In 2015, Hawaii was the first state to raise their tobacco purchase age to 21, effective in 2016. Since then, another 17 states and more than 500 localities followed suit. Massachusetts tops the list with the most local laws at 236. In fact, when Massachusetts Gov. Charlie Baker signed legislation in 2018 to raise the tobacco purchase age from 18 to 21, more than 170 Massachusetts localities had already raised it. Of these 18 states, six (AR, CA, MD, TX, VA, UT) have military exemptions, and Utah even has a military exemption for spouses and dependents. 

Tobacco At The Federal Level

On the federal front, several bills were introduced in 2019 to restrict tobacco purchases to age 21. Most notably, Senate Majority Leader Mitch McConnell (R-KY) introduced S. 1541in May. It is a straightforward bill with no exemptions, for example, for military personnel.
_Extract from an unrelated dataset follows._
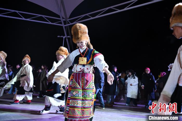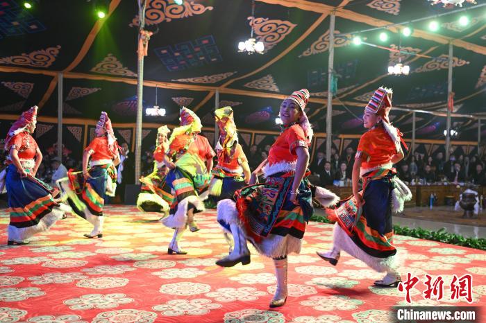 圖為“情定當雄”篝火鍋莊晚會文藝演出現(xiàn)場。中新社記者 貢嘎來松 攝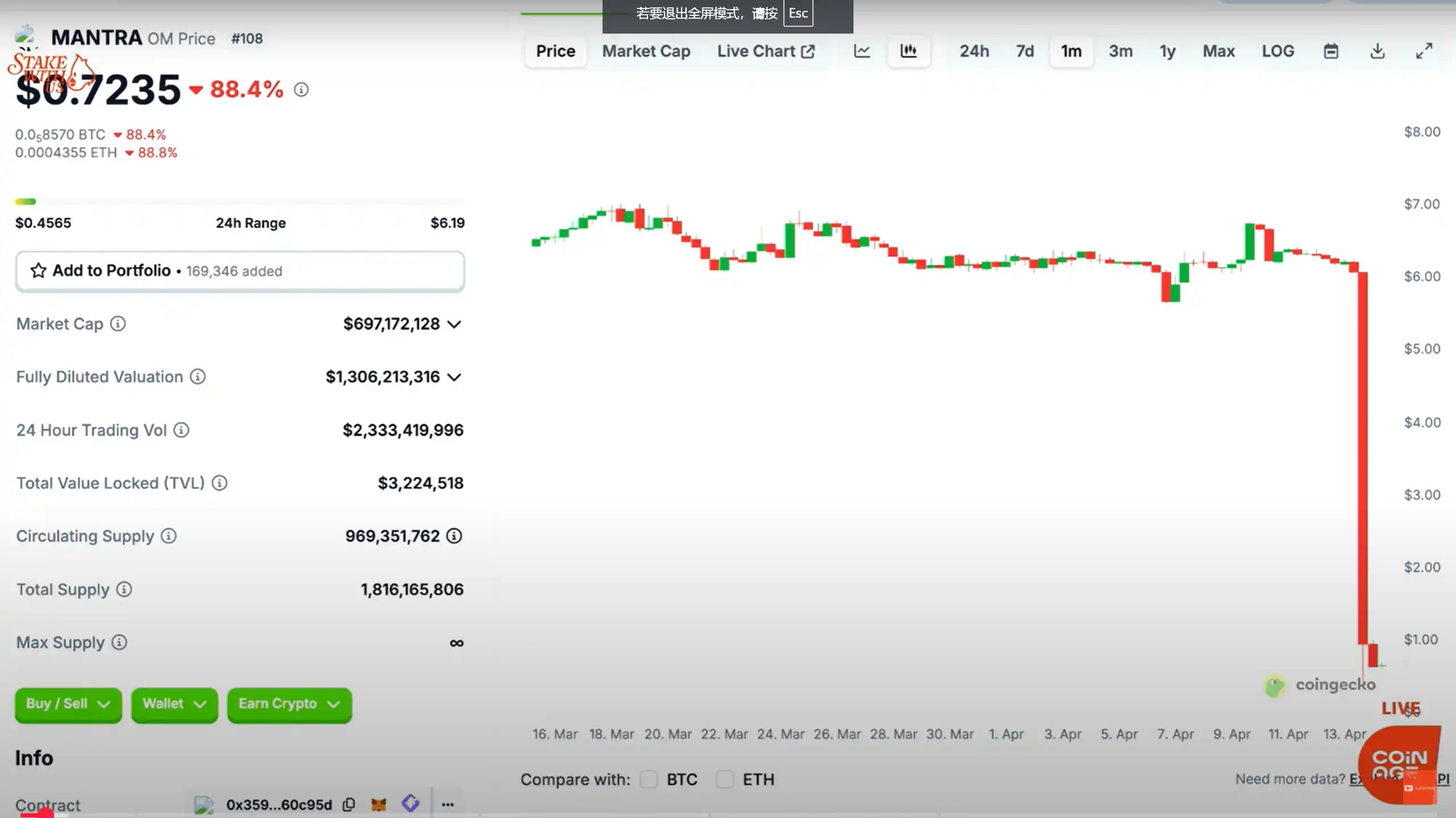 我们现在看到的图表显示,OM 代币在一天之内暴跌了超过 80%,市值蒸发了大约 50 亿美元(至少是账面上的)。

Among the other pending bills are: “Tobacco to 21 Act” (HR 2411,S.1258); “Tobacco-Free Youth Act” (S. 1541); “Reversing the Youth Tobacco Epidemic Act of 2019” (HR 2339); and the “SCOTT Act of 2019 (HR 2084).

Earlier this week, the House of Representatives passed a bipartisan bill, the “Preventing Online Sales of E-Cigarettes to Children Act” (H.R. 3942), by a voice vote. Co-sponsored by Congresswoman Rosa DeLauro (CT-03) and Congressman Kelly Armstrong (ND-AL), the bill closes loopholes that exempt online e-cigarette retailers from federal age verification requirements.

FMI will continue to monitor and report on age verification bills in the local, state and federal realm.